Digging straight into the financials, the deal is a 70-30 cash stock transaction with $54.00 in cash and 0.2284 shares of Gartner common stock for each share of CEB common stock which represents a 31% premium over the Friday prior. The stock levels are fairly high, indicating CEB’s confidence for the future of the newly merged company. Gartner stock prices at the time of the transaction were trading at all time though, so whether CEB are getting an inflated stock deal remains to be seen.
Another interesting point about the financials in this transaction is that it’s instantly accretive. An accretive transaction means the merged company’s EPS(earnings per share) will increase, and this is something investors are unsurprisingly pleased about. Now, generally in M&A transactions accretion doesn’t tend to happen until fairly far in the future – waiting over 2 years for accretion isn’t an uncommon phenomenon. In fact it’s usually the job of the slick sell advisor to dress up their client’s company as much as possible and weave a story to demonstrate why accretion will happen sooner rather than later. Luckily, Centerview Partners(the sell side advisors for this transaction) get to avoid all that extra hassle and this transaction will lead to accretion the second the paper work is signed, creating great short term value for shareholders at Gartner.
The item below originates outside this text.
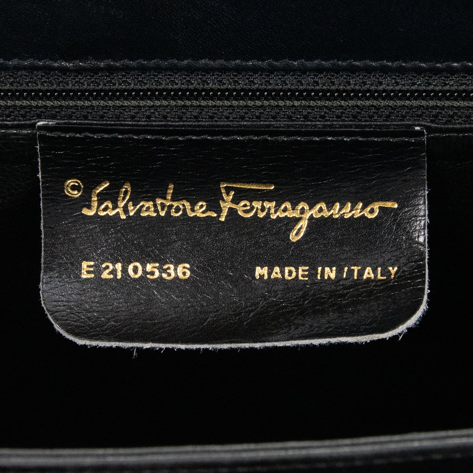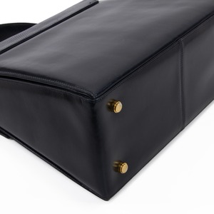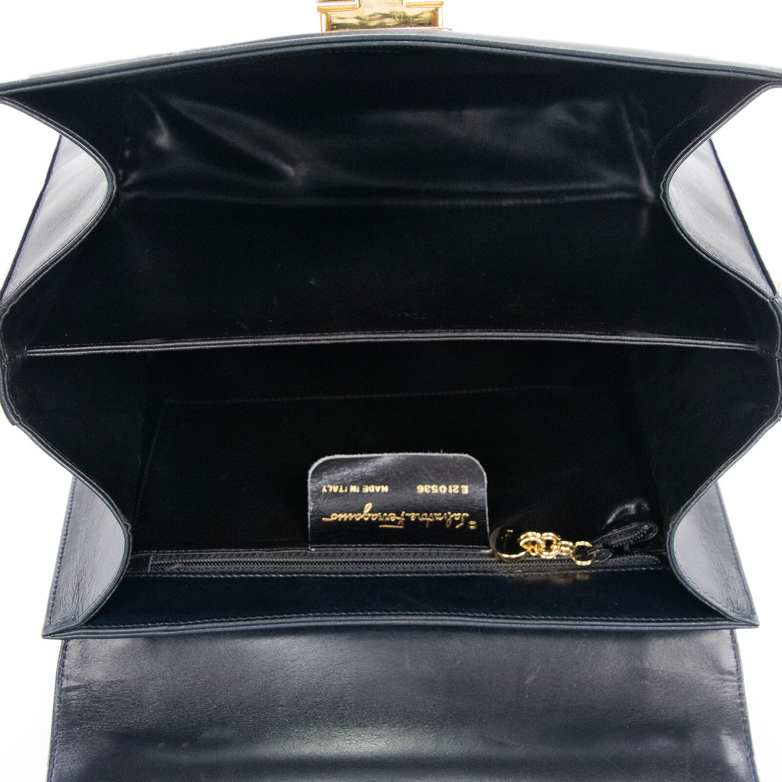 中央で輝きを放つゴールドのガンチーニ金具は、フェラガモならではの高級感を演出し、かっちりとしたフォルムが、どのような場面でも持つ方の品格を高めてくれることと存じます。
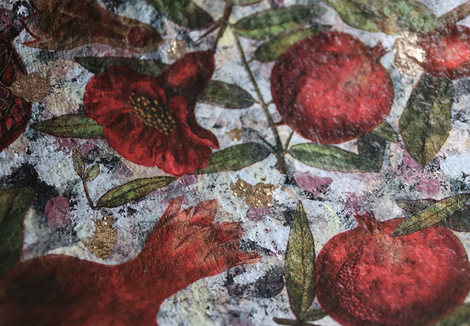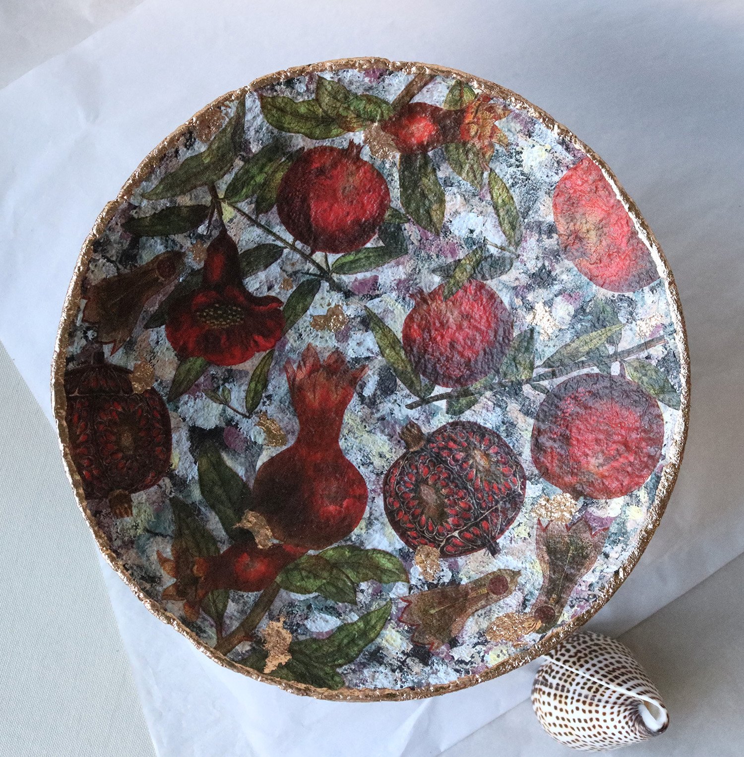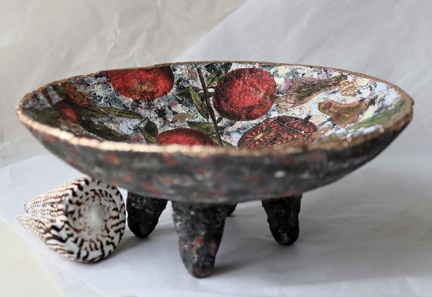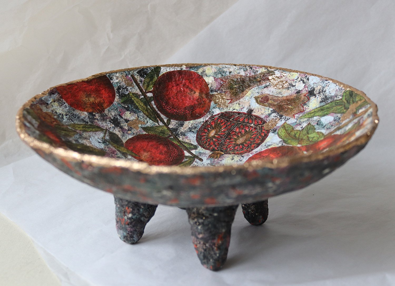 Handmade Paper Mache Bowl with Pomegranates | Eco Art Decor | ArtMood

For those looking to add some buzz works to their investment banking interviews, I’ve done a bit of data collection on the pricing of the deal that you will hopefully find useful as regurgitating material. CEB has an EBITDA of $115m. Going by the acquisition price, we’ve got an EV/EBITDA of 28.7. That is quite high, to say the least. According to New York Business School system software companies have an EV/EBITDA of 19, so CEB is definitely going for a significant premium. Why might this be? Well, the first reason is what we discussed earlier, instant accretion. Shareholders at Gartner get instant value from the deal, and that provides Gartner’s management the traction they needed to secure a competitive bid. Also, Centerview Partners are known for their aggressive bidding and may have played a role in furthering their client’s valuation. Finally, the deal has the potential for significant long term synergies. Synergies is the idea that a newly merged company will be more valuable than simply the sum of the two individual companies, the idea that 1+1=3 if you will. Revenue synergies are expected to be created through cross selling CEB’s and Gartner’s suite of IT services to their distinct and extensive list of clients and combining complementary products such as psychometric testing and human resource optimization to enhance the branding of the newly merged company. Furthermore, Gartner expects to realize annualized cost synergies of approximately $25 million - $50 million starting in 2018 through cutting overlapping R&D facilities and integrating system software’s.
Overall, despite the hefty price tag of the M&A deal, I would argue the instant accretion and potential for long term synergies make it a worthwhile transaction. Hopefully management’s good mood translates to making those pesky numerical tests a bit easier!